What STL algorithm can determine if exactly one item in a container satisfies a predicate?
I need an STL algorithm that takes a predicate and a collection and returns true
if one and only one member of the collection satisfies the predicate, otherwise returns false
.
How would I do this using STL algorithms?

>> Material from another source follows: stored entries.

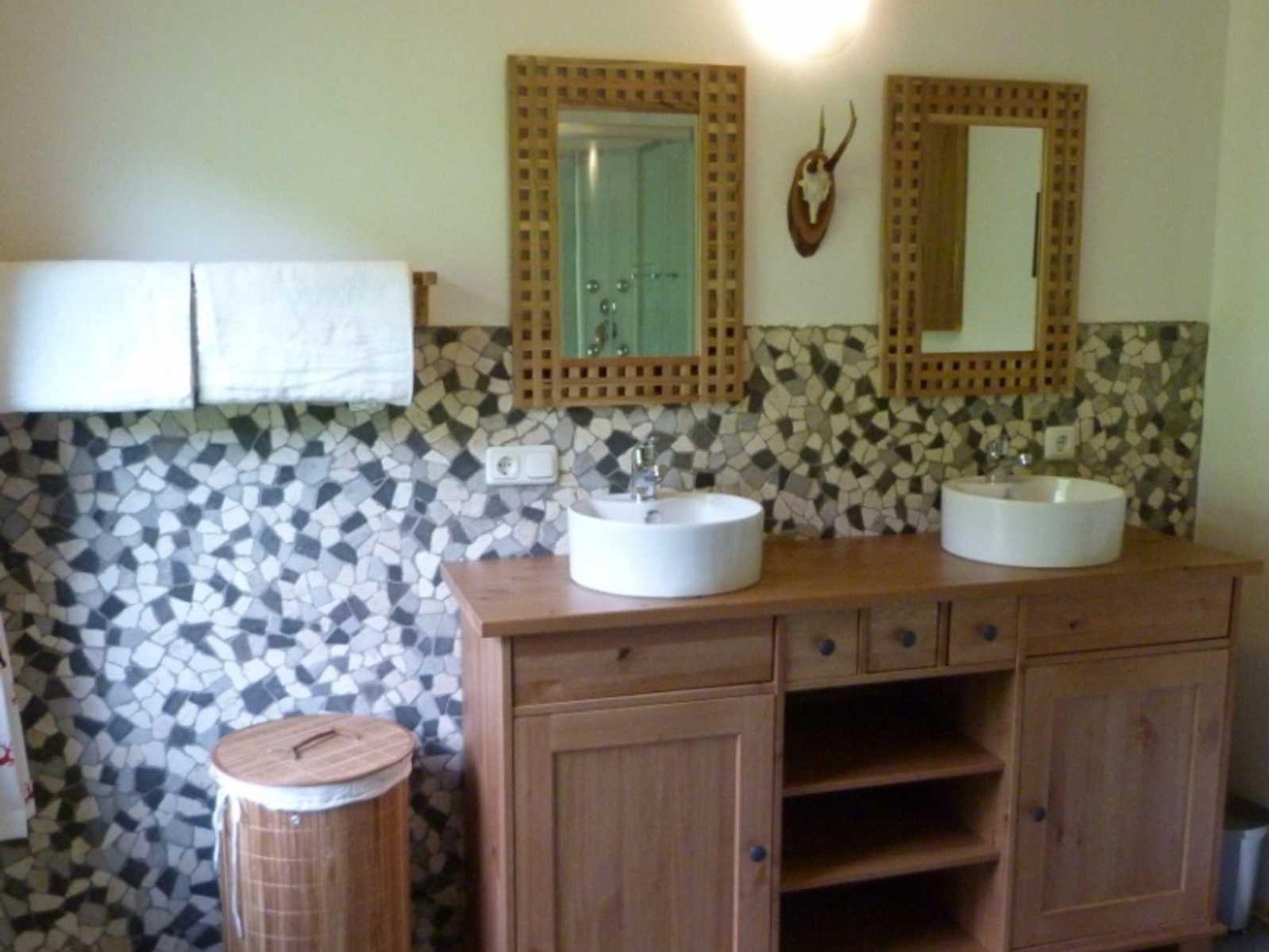 200 cm) mit Kaminofen, SAT-TV und DVD Player. Ausgang zur Terrasse. Bad mit Doppelwaschbecken, Dusche und Waschmaschine, sep. WC. Zur Verfügung: Holz (gratis) und Pellets. Internet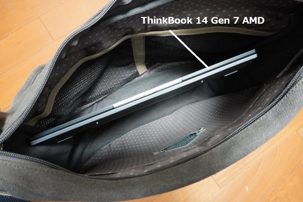 Lenovo ThinkBook 14 Gen 7 AMDは14インチで約1.4kgの重さのノートパソコンです。14インチの画面があるので作業がしやすいです。頻繁に持ち運ぶのは少し難しいかもしれませんが、十分に持ち運べる軽さなので、時々は外に持ち出して使用することも可能です。
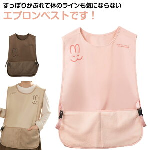 エプロン ベスト かぶるだけ 撥水 ポケット付 ショート丈 ゆった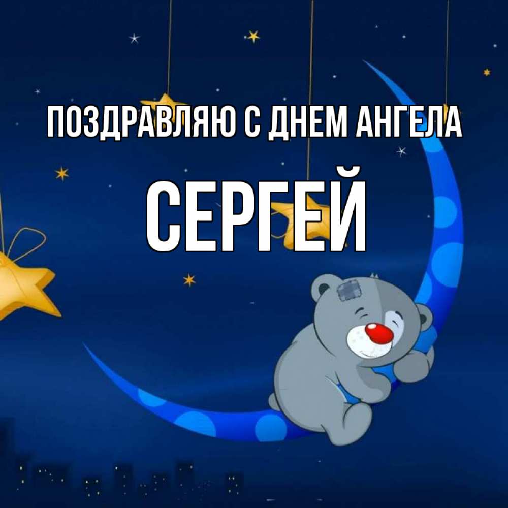 Открытка Поздравляю с днем Ангела Сергей. мишка на луне. над городом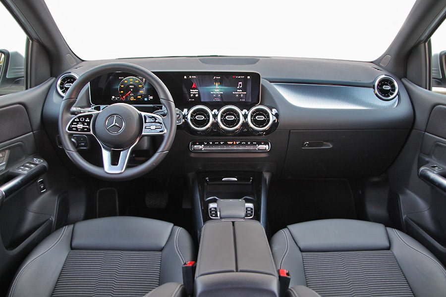 Το εσωτερικό της Β 200 εμφανίζει διαφορές στο σχεδιασμό από εκείνο της νέας A-Class. Ωστόσο, το κεντρικό τμήμα του ταμπλό με τις δύο ψηφιακές οθόνες του συστήματος MBUX (στάνταρ είναι 7 ιντσών έκαστη και προαιρετικά έως 10,25 ιντσών) και τα επιμέρους στοιχεία είναι ίδιο. Σε επίπεδο κατασκευής, τα υλικά είναι ποιοτικά και μαλακά, με πολύ καλή συναρμογή η οποία πείθει ότι θα αντέξει στο χρόνο.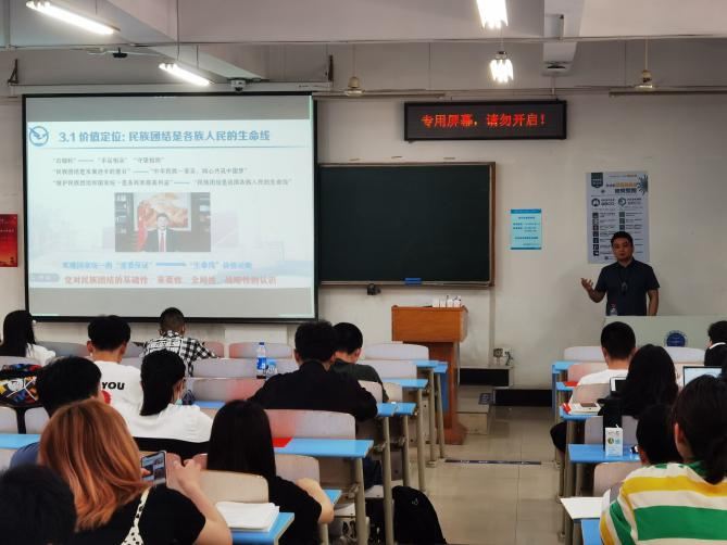 5月9日上午,Beat365官方网站少数民族辅导员努尔夏提·居勒提老师讲授《党的统一战线理论和民族政策》专题党课。努尔夏提老师以《中国共产党统一战线工作条例》、习近平总书记关于民族宗教工作的论述为指导,阐述了近代中国至今的统一战线理论和民族宗教政策,分析了统一战线在党的政策中的重要地位。随后,努尔夏提老师分别从自身少数民族学生工作的亲身经历和时事热点问题两个方面,更加生动具体地为学生们讲授了新时代的爱国统一战线和民族政策。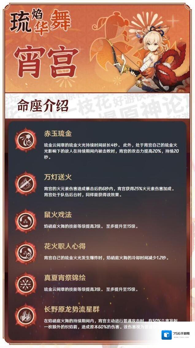 在元素战技期间宵宫有50%几率获得一次『焰硝矢』造成普通攻击的60%的伤害。该命座只是额外获得一次普攻伤害的机会用处并不大只建议抽到5命可以停手了。(因为『焰硝矢』只有普通攻击的60%即使有三次伤害命座达到6命后也跟普攻伤害相差无几)。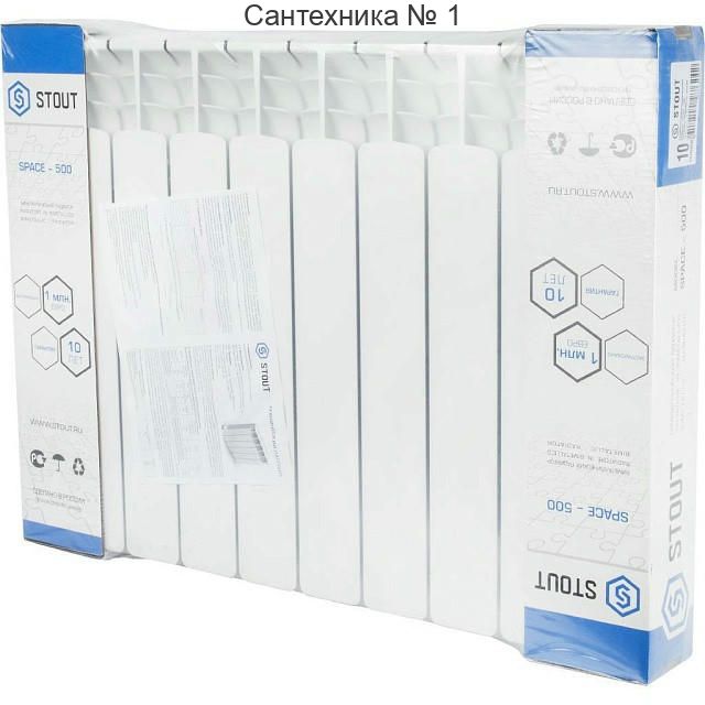 Радиатор биметаллический секционный Space 500 10 секций, боковое подключение STOUT

E.g., to replace the following with STL algorithm code to express the same return value.
int count = 0;
for( auto itr = c.begin(); itr != c.end(); ++itr ) {
if ( predicate( *itr ) ) {
if ( ++count > 1 ) {
break;
}
}
}
return 1 == count;
Solution 1:
Two things come to my mind:
std::count_if
and then compare the result to 1
.
To avoid traversing the whole container in case eg the first two elements already match the predicate I would use two calls looking for matching elements. Something along the line of
auto it = std::find_if(begin,end,predicate);
if (it == end) return false;
++it;
return std::none_of(it,end,predicate);
Or if you prefer it more compact:
auto it = std::find_if(begin,end,predicate);
return (it != end) && std::none_of(std::next(it),end,predicate);
Credits goes to Remy Lebeau for compacting, Deduplicator for debracketing and Blastfurnance for realizing that we can also use none_of
the std algorithms.
Solution 2:
You can use std::count_if
† to count and return if it is one.
For example:
#include <iostream>
#include <algorithm> // std::count_if
#include <vector> // std::vector
#include <ios> // std::boolalpha
template<class Iterator, class UnaryPredicate>
constexpr bool is_count_one(Iterator begin, const Iterator end, UnaryPredicate pred)
{
return std::count_if(begin, end, pred) == 1;
}
int main()
{
std::vector<int> vec{ 2, 4, 3 };
// true: if only one Odd element present in the container
std::cout << std::boolalpha
<< is_count_one(vec.cbegin(), vec.cend(),
[](const int ele) constexpr noexcept -> bool { return ele & 1; });
return 0;
}
†Update: However, std::count_if
counts entire element in the container, which is not good as the algorithm given in the question. The best approach using the standard algorithm collections has been mentioned in @formerlyknownas_463035818 's answer.
That being said, OP's approach is also good as the above mentioned best standard approach, where a short-circuiting happens when count
reaches 2
. If someone is interested in a non-standard algorithm template function for OP's approach, here is it.
#include <iostream>
#include <vector> // std::vector
#include <ios> // std::boolalpha
#include <iterator> // std::iterator_traits
template<class Iterator, class UnaryPredicate>
bool is_count_one(Iterator begin, const Iterator end, UnaryPredicate pred)
{
typename std::iterator_traits<Iterator>::difference_type count{ 0 };
for (; begin != end; ++begin) {
if (pred(*begin) && ++count > 1) return false;
}
return count == 1;
}
int main()
{
std::vector<int> vec{ 2, 3, 4, 2 };
// true: if only one Odd element present in the container
std::cout << std::boolalpha
<< is_count_one(vec.cbegin(), vec.cend(),
[](const int ele) constexpr noexcept -> bool { return ele & 1; });
return 0;
}
Now that can be generalized, by providing one more parameter, the number of N
element(s) has/ have to be found in the container.
template<typename Iterator>
using diff_type = typename std::iterator_traits<Iterator>::difference_type;
template<class Iterator, class UnaryPredicate>
bool has_exactly_n(Iterator begin, const Iterator end, UnaryPredicate pred, diff_type<Iterator> N = 1)
{
diff_type<Iterator> count{ 0 };
for (; begin != end; ++begin) {
if (pred(*begin) && ++count > N) return false;
}
return count == N;
}